Those people are the American Best. They make my mail go 80 words per minute faster than eight seconds of a telephone call. I do send conventional mail by keyboarding it and printing it out from my color laser printer. I am blessed that I learned typewriting when I was 12 years old.
As someone working for a department in US State gov, it's a bit therapeutic to see someone having to interact with the particular kind of weird quirks state/fed systems and processes have.
@@PrograError This hits too close to my day job pains. 😭 Change in business process vs change in legacy system design. No one wants to be the one to change (understandably).
@@Jazzled hey at least just remember that even the almighty US military uses a jumbotron hard disk from the 60s, similar to the save icon you'd see in Word, GTA Vice City, if you were feeling despair of your management...
Lowest bidder/made in the 90’s?? Yep. It’s a quasi federal job but we still follow federal rules on purchasing. There’s chairs we got in the 60’s that are still in use.
I'd imagine this is a lot more difficult if you weren't raised in the US. It didn't occur to me until watching this, how much culture impacts place names, and by extension, what we expect places to be named. He says "you're not a sleuth, you key by the rules" but at some point, being able to tell what letter was written is a question of predicting the word.
This is probably one of the reasons the OCR tech can work so well, too: recognising just "ordinary free text" is a much harder problem than recognising something from the space of US addresses.
Like in that example that Tom got stuck on, Ft.

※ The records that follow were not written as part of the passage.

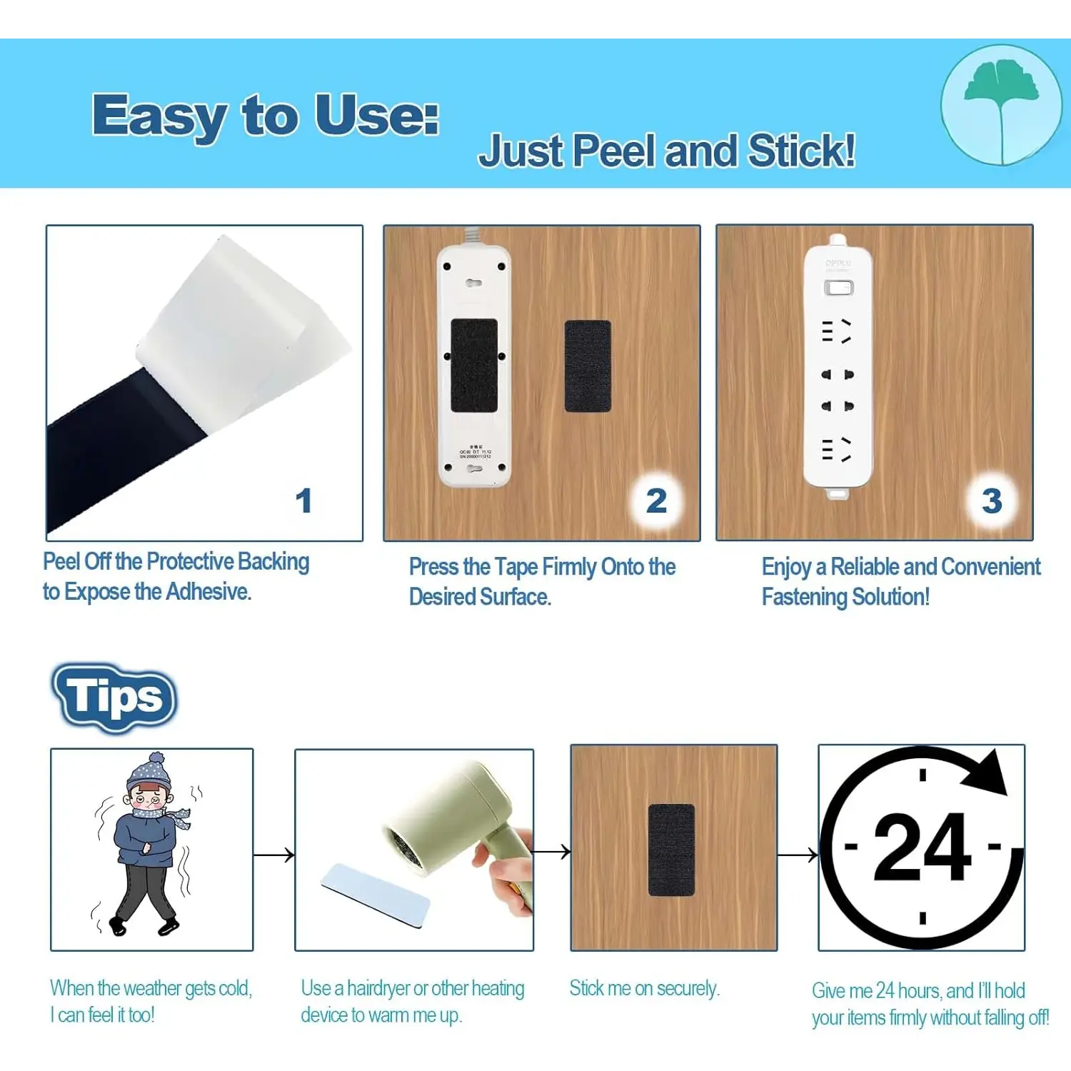 Easy to Use: a hassle-free application! Simply peel off the backing and stick these double-sided strips for quick installation— for both temporary and permanent fastening needs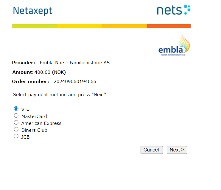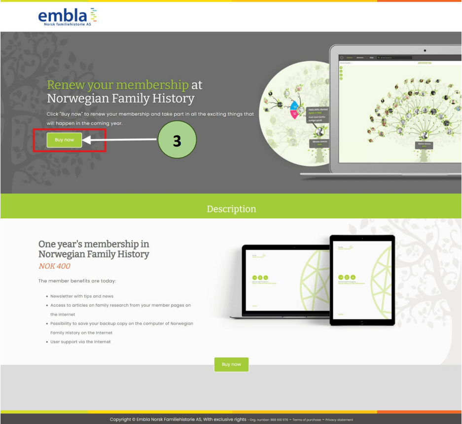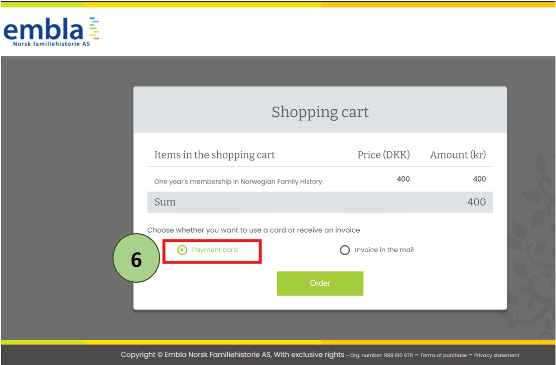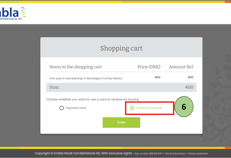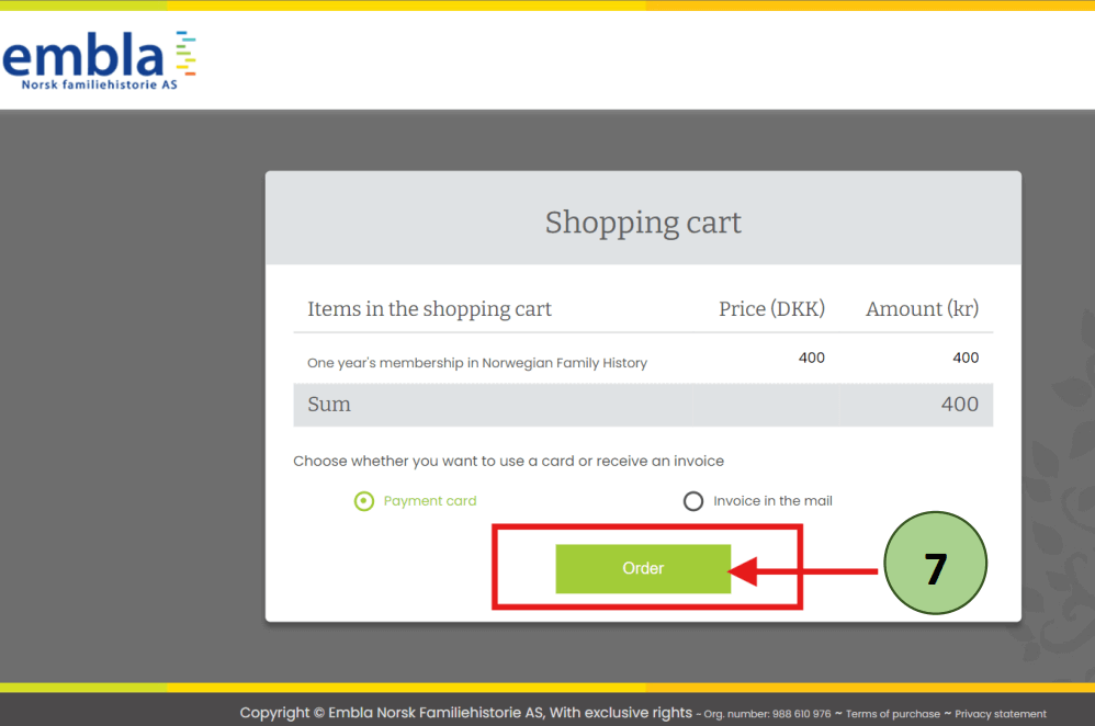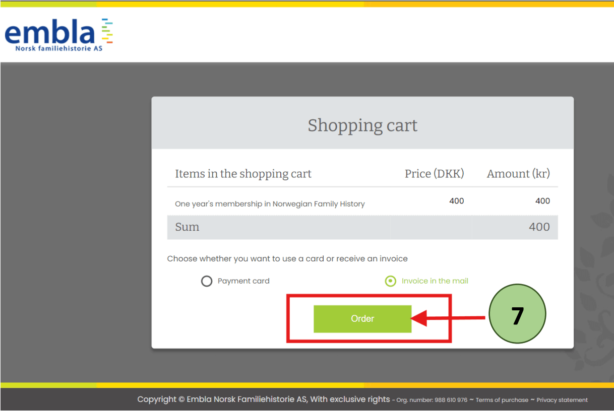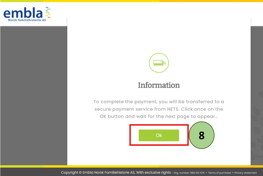 After that you will be redirected to the “Embla Norwegian Family History” Page again and you will receive an email with the invoice.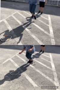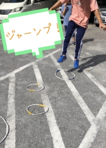 新聞紙で作った輪っかで、片足飛びと両足着地の動きを練習しました~☺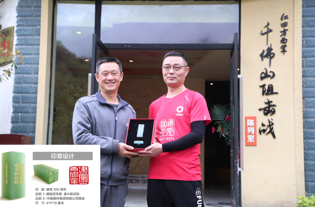 参观现场,北川中联水泥向千佛山战役陈列馆赠送了K8凯发国际集团庆祝建党100周年新材料印章。

Lauderdale. I would have gotten that one in a second because I grew up near there, I have been primed to know it means Fort Lauderdale, Florida.
@@evildude109 it's easy to miss, but on that one he actually knew it was Fort Lauderdale. His question was if he should correct it to "Fort" or leave it abbreviated as Ft.

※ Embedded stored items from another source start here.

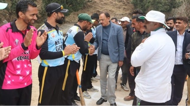 नाहन (सिरमौर), 22 फरवरी। उद्योग, संसदीय कार्य एवं श्रम रोजगार मंत्री हर्षवर्धन चौहान ने जिला सिरमौर की शिलाई विधानसभा क्षेत्र की डाहर पंचायत में आयोजित हाटी चैंपियनशिप क्रिकेट प्रतियोगिता-2026 के समापन समारोह में बतौर मुख्य अतिथि शिरकत की। डाहर पहुंचने पर स्थानीय लोगों ने पारंपरिक वाद्य यंत्रों के साथ उनका भव्य स्वागत किया।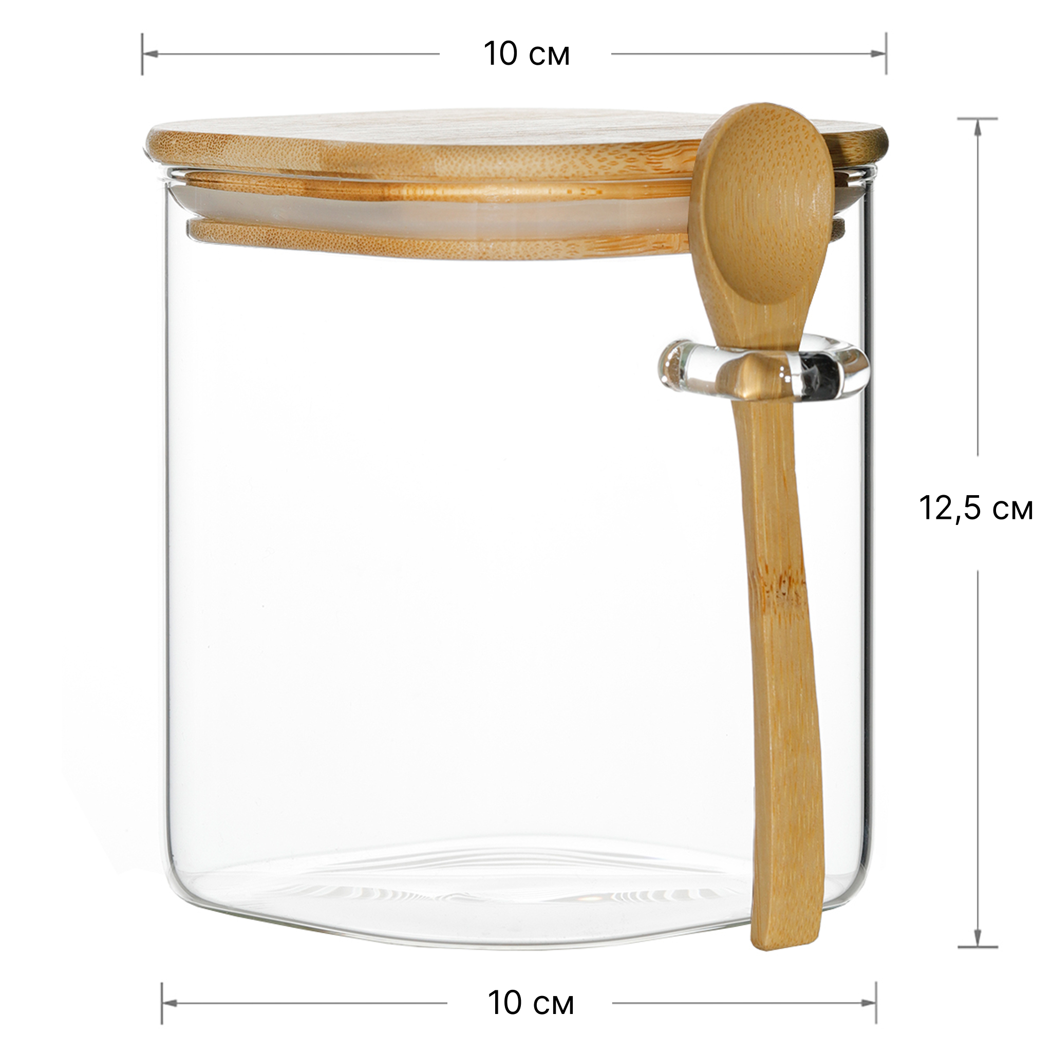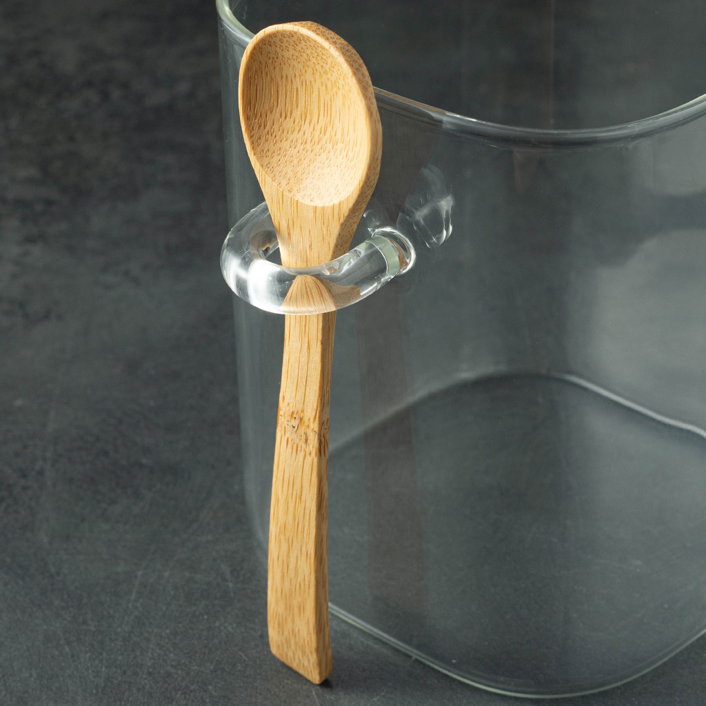 Стеклянная банка с деревянной крышкой и ложкой — практичный и эстетичный аксессуар для хранения чая, специй или сыпучих продуктов. Прозрачное стекло позволяет видеть содержимое, а крышка с ложкой обеспечивает удобство и аккуратность в использовании. Лаконичный дизайн легко вписывается в любой интерьер и добавляет уюта на кухне.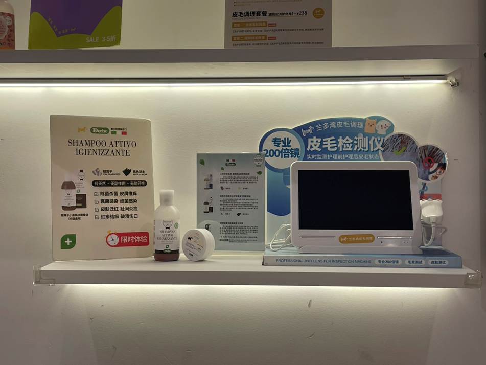 當店家發現狗貓的皮膚毛髮出現問題時,必然會及時告知飼主,但此舉經常引起對方質疑、反而誤以為店家信口開河、只是想讓顧客多花冤枉錢,為了避免真心換絕情、甚至引起無謂的糾紛;「蘭多灣」再次領先同業,斥資添購「皮毛檢測儀」,以真實呈現狗貓皮毛狀況,方能說服飼主並著手改善。(照片二)

@@evildude109 Fort Lauderdale is one of those US places which somehow come up on international news on a regular basis. I'd easily have recognized "Ft. Lauderdale" as an abbreviation of "Fort Lauderdale" despite not even being a native speaker, I just wouldn't have been certain which state it was in off the top of my head - which wouldn't have mattered because it says "Florida" on the envelope. So this isn't exactly some kind of secret regional lore.
@@Taschenschieber That's likely due to international travelers to Florida regularly being the target of muggings in the 90's because they were easy to spot. It got so bad that some European news stations were airing "How to stay safe when vacationing in Florida" segments.

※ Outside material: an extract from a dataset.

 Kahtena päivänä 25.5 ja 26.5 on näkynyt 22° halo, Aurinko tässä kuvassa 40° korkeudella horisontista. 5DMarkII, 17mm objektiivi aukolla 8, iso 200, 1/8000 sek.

i worked at one of these facilities in the 90’s in texas. Our location processed all mail going in and out of colorado. You had to train for 2 weeks learning the short cuts for zip codes and street addresses. Once you started encoding real mail.. your computer was randomly monitored to check your accuracy. If, by the end of the month you had something like a 97% accuracy.. you would get a bonus. I was obsessed with being fast an accurate so I had a friend write a program in javascript that mimicked the program at work. I would practice for hours at home. all in all.. it was a fun job
Hell, I'd play that game for free. Have you ever played Papers Please? At it's heart it's about processing immigration paperwork and identifying discrepancies and errors (there's a story on top of that as well).
100% agree. Certain brains (yours and mine!) get a minor buzz out of solving problems quickly, accurately and efficiently. That’s what’s going on here.
Assuming all 810 employees process 1.2 billion images per year and accounting for weekends and federal holidays and no vacations this branch processes over 5,900 images per person per day. Knowing that not all employees actually process these images and providing vacations raises this number even higher. If the average time a letter is on the screen then you're looking at over 7200 letters per day per employee while keeping a recently 120 keystrokes per minute. Kudos to those employees! Side note at 2:45 I never knew all those street suffixes existed.
An old teacher of mine once got a Christmas card addressed to "Mr Hall, House with big brown dog, Oxfordshire, England" sent from ex-student of his in Zimbabwe - recognised the handwriting -and accepted it. Only took a week and a half from being sent to arrival and the Postie won a crate of beer for getting it right. Beat that, computers! :)
@@ameliauhh Probably searched for Hall in the customer list to come up with a few candidates, and phoned the letter carrier(s) who would have delivered to those addresses and asked them if any of those specific houses had a big brown dog. If you get it down to just one, show the customer the handwriting - in this case, Duncan said recognizing the handwriting made the teacher accept it. These days, they'd just pull up your Citizen Profile and look for social media posts with DOG,LARGE,BROWN photos coupled with large volumes of dog food purchased using his store loyalty cards.
@@googiegress Years ago, a guy I studied with worked as a mailman in the summer. He said that he was handed a booklet where he was to note down all relevant information for each address (such as "letter box moved to side entrance", "beware of dog", "no door bell, knock if you need someone to sign sth."). Valuable source of information.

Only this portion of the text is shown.